**Data section**
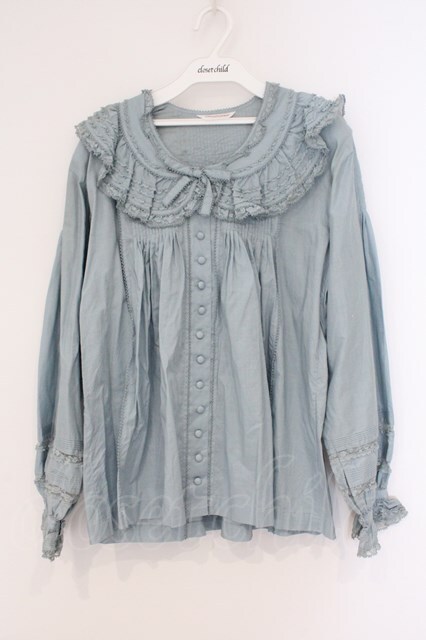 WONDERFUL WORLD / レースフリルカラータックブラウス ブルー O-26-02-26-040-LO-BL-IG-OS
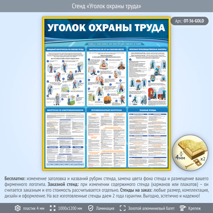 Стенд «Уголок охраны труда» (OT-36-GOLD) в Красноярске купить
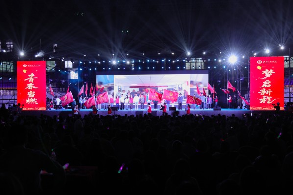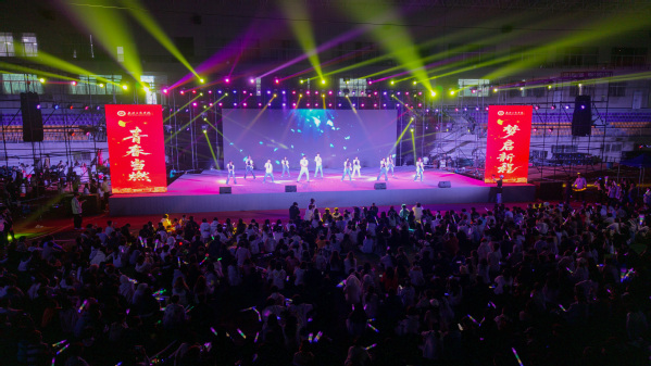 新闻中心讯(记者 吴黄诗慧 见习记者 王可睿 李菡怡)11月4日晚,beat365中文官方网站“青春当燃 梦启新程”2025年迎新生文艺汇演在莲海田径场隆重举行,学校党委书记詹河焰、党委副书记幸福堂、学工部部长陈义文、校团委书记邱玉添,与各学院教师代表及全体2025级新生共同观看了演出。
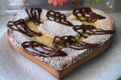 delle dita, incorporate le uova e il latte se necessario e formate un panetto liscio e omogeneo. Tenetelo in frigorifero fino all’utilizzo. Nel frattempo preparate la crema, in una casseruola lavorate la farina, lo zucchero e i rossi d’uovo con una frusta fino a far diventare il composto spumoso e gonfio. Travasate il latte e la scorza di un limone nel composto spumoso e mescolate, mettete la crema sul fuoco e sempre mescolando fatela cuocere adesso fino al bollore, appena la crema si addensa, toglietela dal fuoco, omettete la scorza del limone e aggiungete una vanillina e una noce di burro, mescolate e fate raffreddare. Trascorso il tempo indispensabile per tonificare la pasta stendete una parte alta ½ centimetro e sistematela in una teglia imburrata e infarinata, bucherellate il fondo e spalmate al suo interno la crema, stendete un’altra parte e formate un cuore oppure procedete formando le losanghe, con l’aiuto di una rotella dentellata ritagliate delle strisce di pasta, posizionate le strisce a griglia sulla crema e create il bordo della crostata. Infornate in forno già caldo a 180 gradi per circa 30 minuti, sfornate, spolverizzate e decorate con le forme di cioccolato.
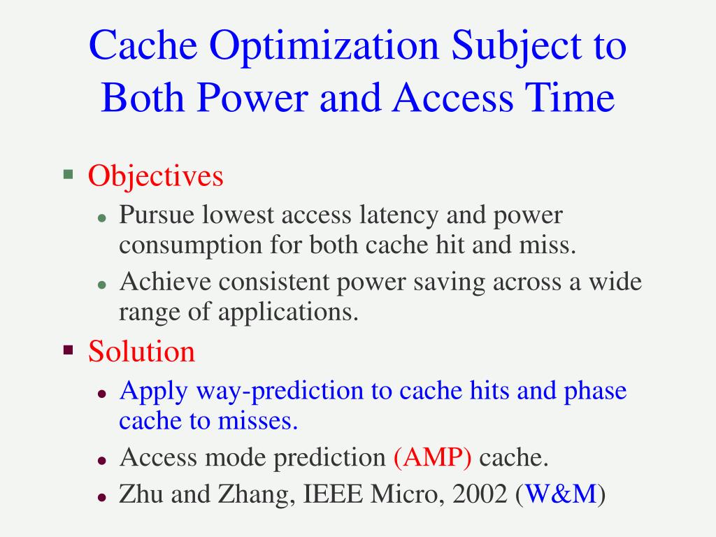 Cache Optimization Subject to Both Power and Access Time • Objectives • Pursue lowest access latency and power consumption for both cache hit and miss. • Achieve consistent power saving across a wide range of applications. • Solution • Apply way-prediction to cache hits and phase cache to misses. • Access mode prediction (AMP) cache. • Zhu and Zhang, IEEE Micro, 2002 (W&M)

==

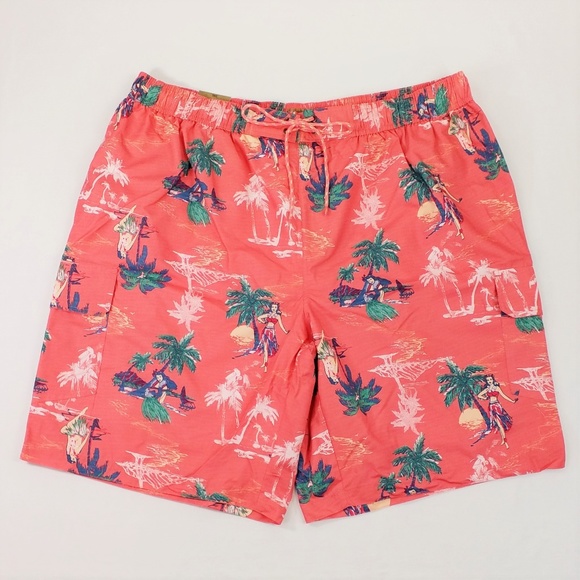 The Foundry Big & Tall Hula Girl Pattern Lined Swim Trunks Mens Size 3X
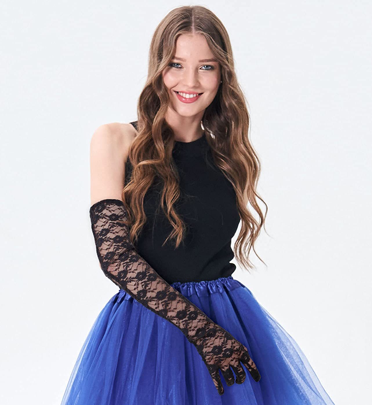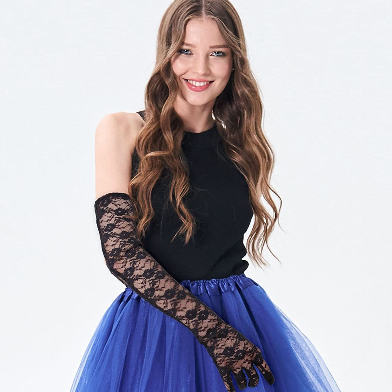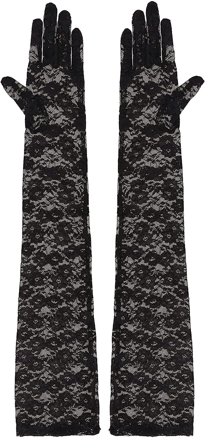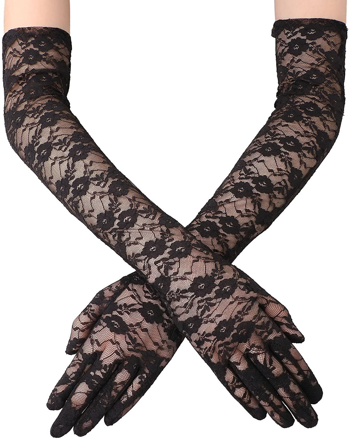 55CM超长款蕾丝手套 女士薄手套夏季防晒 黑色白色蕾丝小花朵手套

**Prompt**
Once the line with "The Foundry Big" is found in the data above, reproduce it and each line after it exactly, through the line with "55CM超长款蕾丝手套 女士薄手套夏季防晒 黑色白色蕾丝小花朵手套". Omit the pictures.

**Solution to this problem**
 The Foundry Big & Tall Hula Girl Pattern Lined Swim Trunks Mens Size 3X
 55CM超长款蕾丝手套 女士薄手套夏季防晒 黑色白色蕾丝小花朵手套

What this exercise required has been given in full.